Luckily, the next day Car finally convinced Agusto to let a female work in the Pizzaría so I was soon working again in a whole other scenario. But one morning, after working all night at Agusto's, then cleaning up, making the journey back home and walking into our rented room as the sky began to lighten, I found a note stuffed between the windowframe and screen near our bed. It was from the ICPO, saying he was sorry, he hadn't meant to frighten me off. Wouldn't I consider coming back to work for them?
And of course Car STILL HOLDS THAT "I TOLD YOU SO" OVER MY HEAD whenever we disagree in our opinions of someone's character...

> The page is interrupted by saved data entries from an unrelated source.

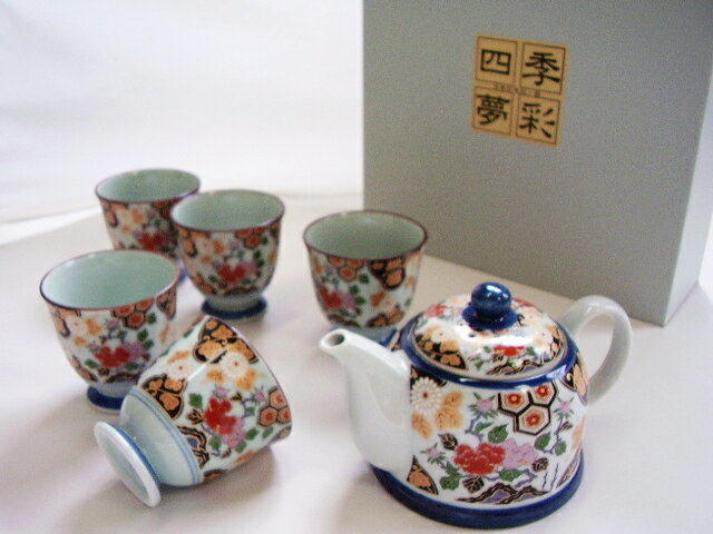 ギフト対応 美味しいご飯、美味しいお茶は美しい器で美味しさ倍増! お茶碗と湯飲みは柄が5パターンあり、 気分を変えて楽しめます♪ 贈り物・ギフトに最適です。 日頃お世話になっている方へのプレゼントに♪ <セット内容> ポット…1点 湯飲み…5点 合計……6点 <サイズ> ポット径11cm×高さ10cm 湯飲み径8cm×高さ7.5cm 日本製、化粧箱入り 主な商品の特徴・用途 内祝、結婚式等の引き出物、快気祝い、新築祝い、初節句、結婚記念日、出産祝い、結婚祝、入学祝い、ご長寿祝い、還暦祝いなどお祝いのギフト、母の日・父の日の贈り物、敬老の日の贈り物、お中元やお歳暮やそのお返し、引越祝い、引っ越しの御挨拶、仏事、香典返し、法要、法事、志、慶弔時の返礼品、記念品、粗品、景品、コンペ、お年賀、贈答品、外国向けのお土産、海外向け日本土産、日本みやげ、外国人へのおみやげ、海外出張時の相手先へのプレゼントやホームステイ先のホストファミリーへの御挨拶に最適♪ プレゼント包装も別料金で承ります。 佐賀県有田の陶工達により作り出された、 艶やかで美しい日本の名品有田焼。 中でも江戸期に伊万里港から搬出されたものを古伊万里と呼び、 瀬戸物、陶器の中でもその美しさは国内外から絶賛され、今に続いています。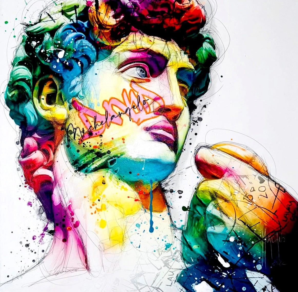 He uses lots of colors and splashes of paint to bring David to life in a new way. The colors are vibrant and playful, making the painting feel energetic and fun. Murciano adds graffiti elements, like the name "Michelangelo" written across David's face, blending classic art with street art. This mix of styles makes the painting feel modern and exciting. David's face is the focus of the painting.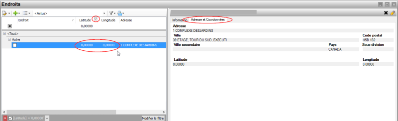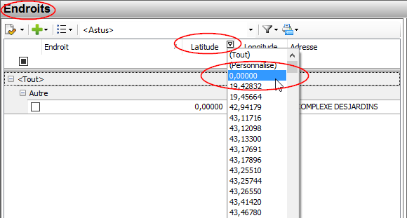 • Pour vous assurer de la validité des entrées, à la fenêtre Endroits, cliquez sur l’entonnoir localisé à coté de la colonne Longitude ou Latitude.

Now that I think about it, maybe that was my first intercultural blooper! I mean, how is it that I absolutely did not see that coming??
Okay, hope the blogger meetup includes some intercultural bonding...

Thursday, April 3, 2008

Getting back to it

Just when I had come to the conclusion that blogging is not for me, I get a push from fned. Did she do it on purpose, knowing how I tick? I'll have to think on that one. I have been reading other blogs lately, but haven't found anything I want to blog about myself. The tomato garden is completely enclosed and turned over... I'm just waiting for the rainy season to begin before I actually plant, as it is so dry at the moment, and watering is not really a good option, what with having to buy pipas of water which somehow seems to disappear faster and faster from the cistern; a tank-truck (pipa) of water used to last us 3 weeks, but now it's more like 10 days to two weeks. We've been wondering if we're getting less than we're paying for (as in the case of gas and gasoline in some places) or if our cistern has seepage.

I do have lots of thoughts going around in my mind, but I just looked at the clock and it's 2:44 and my alarm is set to wake up in 2 hours... maybe I'll blog about sleep habits... but not now. I gotta get to bed!